> Problem to solve:
Your output should be exactly the lines from the one containing "Vintage pälshatt från" through the final line of the records, both included, with every picture left out.

> Source material:
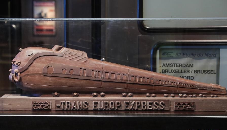 這是12月15日在比利時(shí)布魯塞爾火車(chē)世界博物館拍攝的一件藝術(shù)家以全歐快車(chē)為原型而創(chuàng)作的巧克力火車(chē)雕塑。
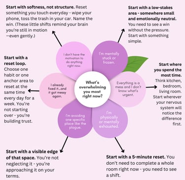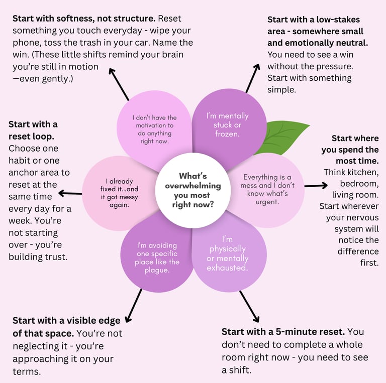 It’s not a chore list. It’s not a Pinterest fantasy. It’s a visual prompt for when your brain is too tired, too stressed, or too overwhelmed to figure out how to function in a space that feels like chaos.
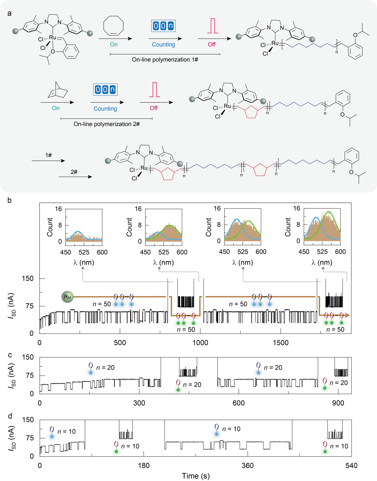 此外,研究人员利用具备单个单体插入事件分辨率的优势,实现了对单体插入动力学、分子内链转移、立构规整性、聚合度和嵌段共聚的在线操控,从而在器件上精确合成了单个聚合物(图3),展现了电场在调控分子反应机制方面的巨大潜力。
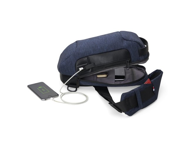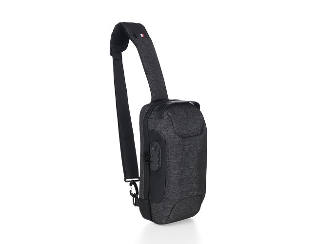 Mochila de ombro com entrada USB e Micro USB lateral. A mochila possui, um compartimento principal com segredo (TSA), bolso oculto na parte traseira, além de 3 divisórias internas, sendo uma capaz de armazenar tablet, netbook ou Ipad de até 9 polegadas. Alça de mão e detalhes laterais e inferiores em couro sintético, tira de nylon na alça, 2 fivelas para opção de encaixe da alça, revestimento espumado antitranspirante na parte traseira e na alça, e tecido resistente a água.
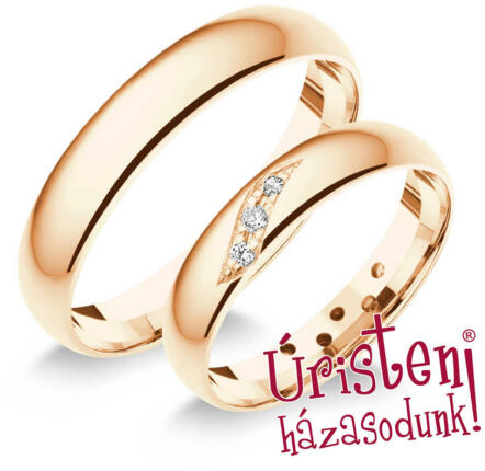 Hagyományos, rozé arany karikagyűrűk. Kézzel készítve, 3 gyémánt kővel ékítve, különleges foglalatban.
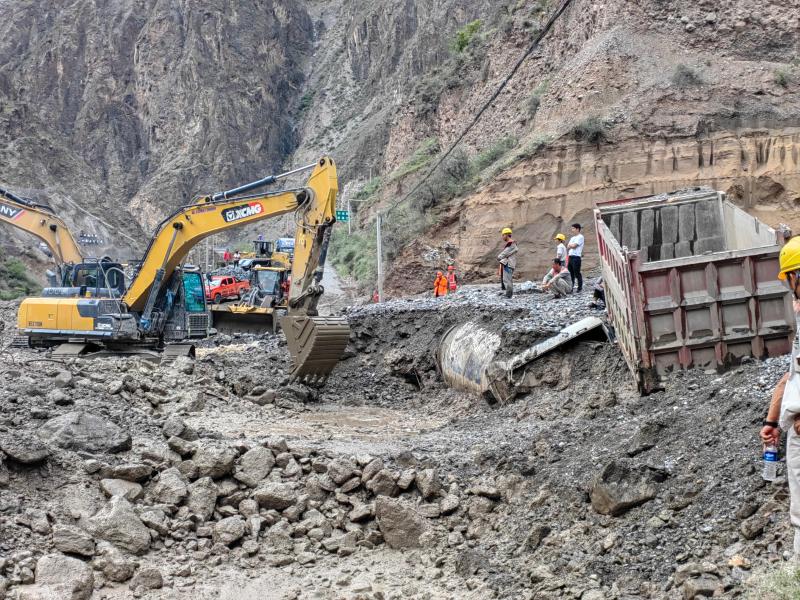 近日,受持續(xù)強降雨影響,G214線佛山鄉(xiāng)古水村附近K1911+750處發(fā)生泥石流災害,造成交通中斷。德欽公路分局立即啟動汛期保通應急預案,第一時間組織應急搶險人員趕赴現(xiàn)場,4臺裝載機、2臺挖掘機、4臺運輸車全力投入搶通工作中,并協(xié)同交警實行交通管制,疏散滯留車輛。經過多部門搶險保通作業(yè),受阻路段順利實現(xiàn)半幅通行。圖為現(xiàn)場正在清理鏟運泥沙。
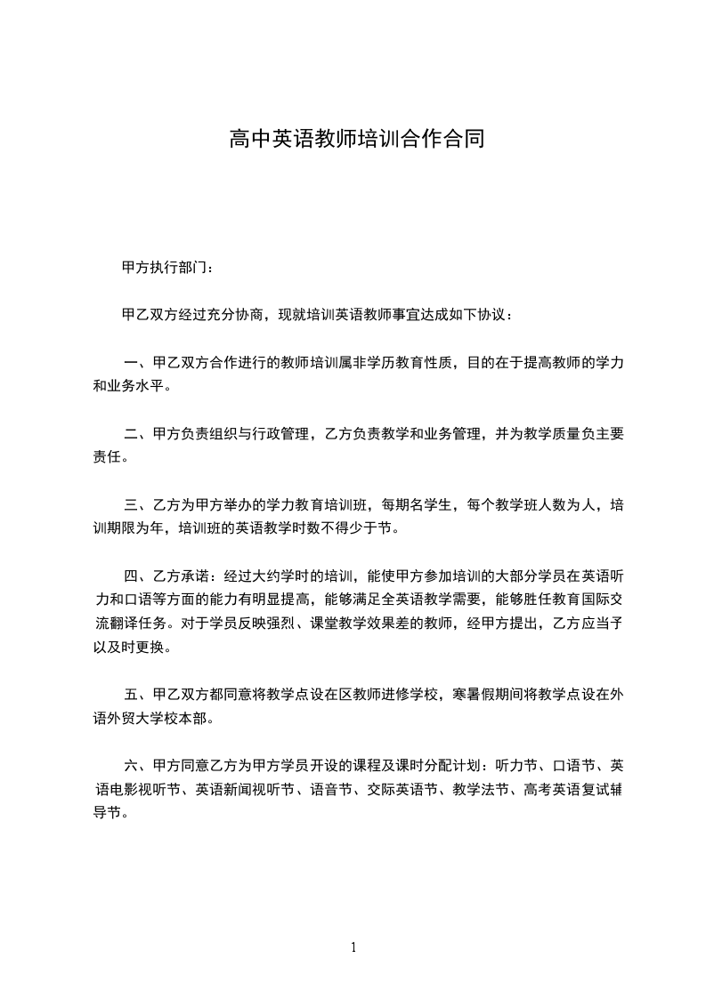 甲乙双方经过充分协商,现就培训英语教师事宜达成如下协议:
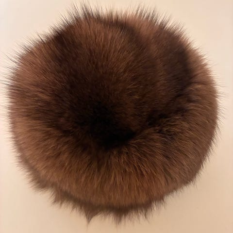 Vintage pälshatt från 50-talet (Pelzmode, Tyskland). Med ett elegant pompom och fodrad med satin. Tillverkad av äkta päls, perfekt för kalla vinterdagar.
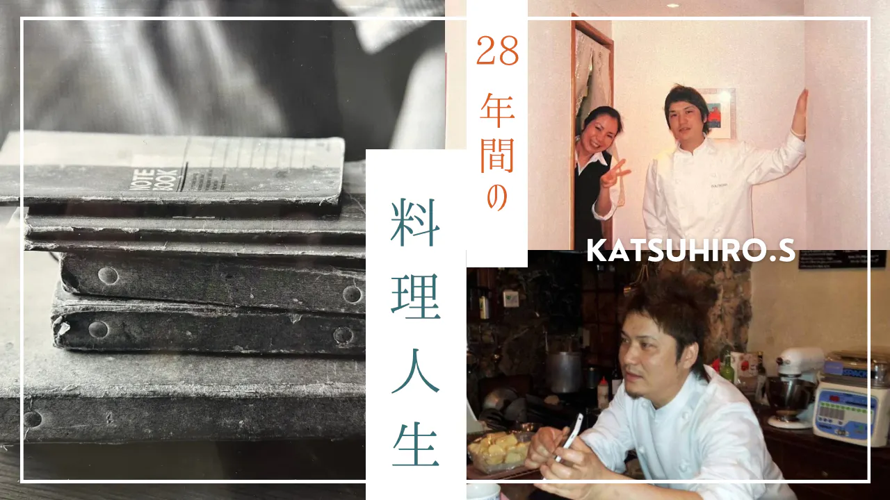 それでも料理から逃げずに耐え、料理に誠心誠意向き合ってきた時間が、すべてここに詰まっています。そして右の写真は、まだ何者でもなかった頃の自分。料理の世界に飛び込み、必死で腕を磨いていた若い頃の一枚です。

> Finished exercise:
 Vintage pälshatt från 50-talet (Pelzmode, Tyskland). Med ett elegant pompom och fodrad med satin. Tillverkad av äkta päls, perfekt för kalla vinterdagar.
 それでも料理から逃げずに耐え、料理に誠心誠意向き合ってきた時間が、すべてここに詰まっています。そして右の写真は、まだ何者でもなかった頃の自分。料理の世界に飛び込み、必死で腕を磨いていた若い頃の一枚です。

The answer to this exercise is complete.